I have never understood what it is about the apocalypse and fan service. Death is imminent…so let’s knock boots. But in this show, it is obtrusive to the point that it stops the action.

There is an inordinate amount of up skirt shots and boobs bouncing away and clothing getting soaked and clinging and other intense eroticism, and right from the opening credits. The troupe eventually finds refuge in a kind of safe house…so the ladies take a bath and squeal as they check out each other’s equipment. Those things are so large! They’re firm, yet soft.

I feel that it damages both the credibility and the pacing of the show to have the ladies, clothing not yet dry, waging war with the undead in their frilly frillups. It’s not like the zomb…uh, ‘them’ are going to go, “I want to eat you…but first, let me enjoy the vision of your enormous hooters. Don’t you need a leash for them?”

One truly bizarre sequence is when Takashi is shooting the undead, but cannot get the automatic rifle off of Rei to do so and has to shoot between and around her breasts. Even Stephen Hawking would have a hard time explaining the physics around all of that, as the flaming lead manages to just avoid searing the tender flesh of our maidens, bullets scorching through at 2300 feet a second.

Another aspect that bothers me is The Gap. This is not anything ecchi related, but a plot point. We have the best defense anywhere, until a small gap is somehow created. Then the structure fall into the cat box and we are overrun with these vile and fetid creatures. Do we really lack the wherewithal to be cautious?

I realize that if the end of the world was upon us (and keep in mind that the first season covers about three or four calendar days), I probably would not be in the best frame of mind, but not to the point where I am sloppy and/or careless. Those things out there are gonna eat me!

Now, the episode that closes out the first season (with immense hints that there is going to be a second season) skates as close to hentai as I have ever seen without actually being it. A truly, purely fan service episode, every kind of perversion, kink, fetish, fantasy or lustful overload is presented in this offering. You can kind of not watch the episode and you gain or lose nothing, but still………….

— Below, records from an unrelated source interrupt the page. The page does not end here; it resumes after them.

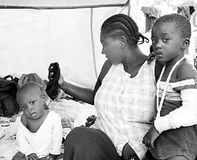 一月二十一日,在海地首都太子港的一个临时安置点中,一位母亲在照顾两个孩子。海地政府当日宣布,政府计划将四十万太子港地震灾民转移到郊外的临时住处。新华社发
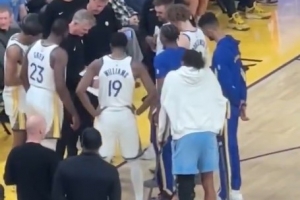 GIF-穆迪拄拐在場邊觀戰 在隊友戰術圈外徘徊
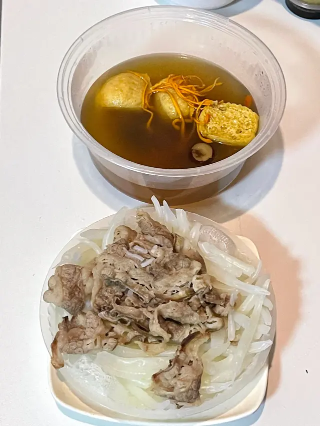 肥牛銀針粉配藥膳養生雞湯味道層次豐富,融合了肉香、藥膳清甜和銀針粉的滑嫩彈性,是一道兼具滋補與美味的組合。
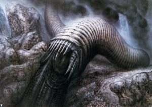 However, directly because of the failed project, Giger was hired a few years later by Ridley Scott to work on Alien, a film that involved a number of other Dune alums, including scriptwriter Dan O’Bannon. Alien was already in heavy preproduction and featured art by the likes of Ron Cobb, Chris Foss, and Moebius (Jean Giraud)—Foss and Moebius had contributed significantly to Dune as well. Giger was brought on by Scott after O’Bannon introduced the director to Giger’s work, and Giger’s designs displaced all other preproduction art for the titular monster.

I am glad I saw the series so I know what’s going on, but I have seen things like this done before, and with a better degree of panache. The core story is good, but I feel it is so laden down with unnecessary bling, it really becomes a flip-a-coin approach if you wish to continue.
On a scale of 1 to 10:

Artwork           9 (It is a good-looking show, and with the fan service, it better be!)
Plot                  8 (There is a compelling plot, once you get past the fan service)
Pacing             5 (Bogged down by the fan service)
Effectiveness   6 (It runs hit and miss)
Conclusion      5 (It stops, rather than ends)
Fan Service     9 (A similar show would “Eiken”)
Overall            6

And remember, it’s first run until you’ve seen it. And since we have zombies, you’d better run anyway. Hey, a nail gun!